Capuani S, Gili T, Bozzali M, Russo S, Porcari P, Cametti C, Muolo M, D'Amore E, Maraviglia B, Lazzarino G, Pastore F S
CNR-INFM SOFT, Department of Physics, Sapienza University of Rome, Piazzale Aldo Moro 2, Rome, Italy.
Appl Radiat Isot. 2009 Jul;67(7-8 Suppl):S34-6. doi: 10.1016/j.apradiso.2009.03.017. Epub 2009 Mar 26.
One of the main limitations for BNCT effectiveness is the insufficient intake of (10)B nuclei within tumour cells. This work was aimed at investigating the use of L-DOPA as enhancer for boronophenylalanine (BPA) uptake in the C6 glioma model. The investigation was first performed in vitro, and then extended in vivo to the animal model. BPA accumulation in C6 glioma cells was assessed, using radiowave dielectric spectroscopy (RDS), with and without L-DOPA preloading. C6 glioma cells were also implanted in the brain of 25 rats, randomly assigned to two experimental branches: (1) intra-carotid BPA infusion; (2) intra-carotid BPA infusion after pre-treatment with L-DOPA, administrated 24 h before BPA infusion. All animals were sacrificed, and assessment of BPA concentrations in tumour tissue, normal brain, and blood samples was performed using high performance liquid chromatography (HPLC). L-DOPA preloading induced a massive increase of BPA concentration either in vitro on C6 glioma cells or in vivo in the animal model tumour. Moreover, no significant difference was found in the normal brain and blood samples between the two animal groups. This study suggests the potential use of L-DOPA as enhancer for BPA accumulation in malignant gliomas eligible for BNCT.
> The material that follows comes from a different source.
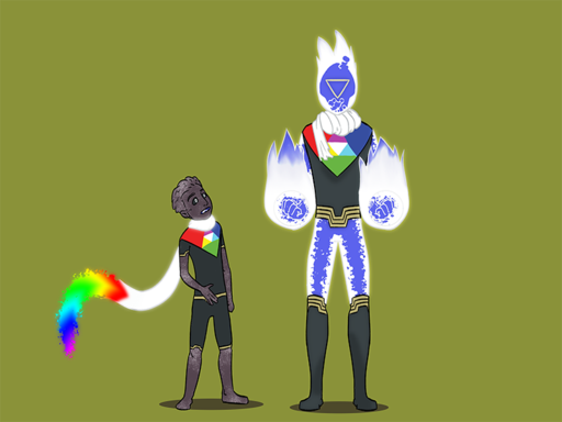 So on the left we have our Concord. Made some subtle changes to my last design based on the image of Sablestar (nothing major, just little bits to make the comparisons more apt). I also remembered that Kirby Krackle was a thing and added a bit into the scarf. Really fits the “sparking” description better now.

硼中子俘获疗法(BNCT)有效性的主要限制之一是肿瘤细胞内(10)B核素摄取不足。本研究旨在探讨左旋多巴(L-DOPA)作为硼苯丙氨酸(BPA)摄取增强剂在C6胶质瘤模型中的应用。研究首先在体外进行,然后扩展到动物模型体内。使用无线电波介电谱(RDS)评估有无L-DOPA预加载情况下C6胶质瘤细胞中BPA的积累。将C6胶质瘤细胞植入25只大鼠的脑内,随机分为两个实验组:(1)颈动脉内注入BPA;(2)在注入BPA前24小时用L-DOPA预处理后颈动脉内注入BPA。处死所有动物,使用高效液相色谱法(HPLC)评估肿瘤组织、正常脑组织和血液样本中BPA的浓度。L-DOPA预加载在体外C6胶质瘤细胞或动物模型肿瘤体内均导致BPA浓度大幅增加。此外,两组动物的正常脑组织和血液样本中未发现显著差异。本研究表明L-DOPA有可能作为BPA在适合BNCT的恶性胶质瘤中积累的增强剂。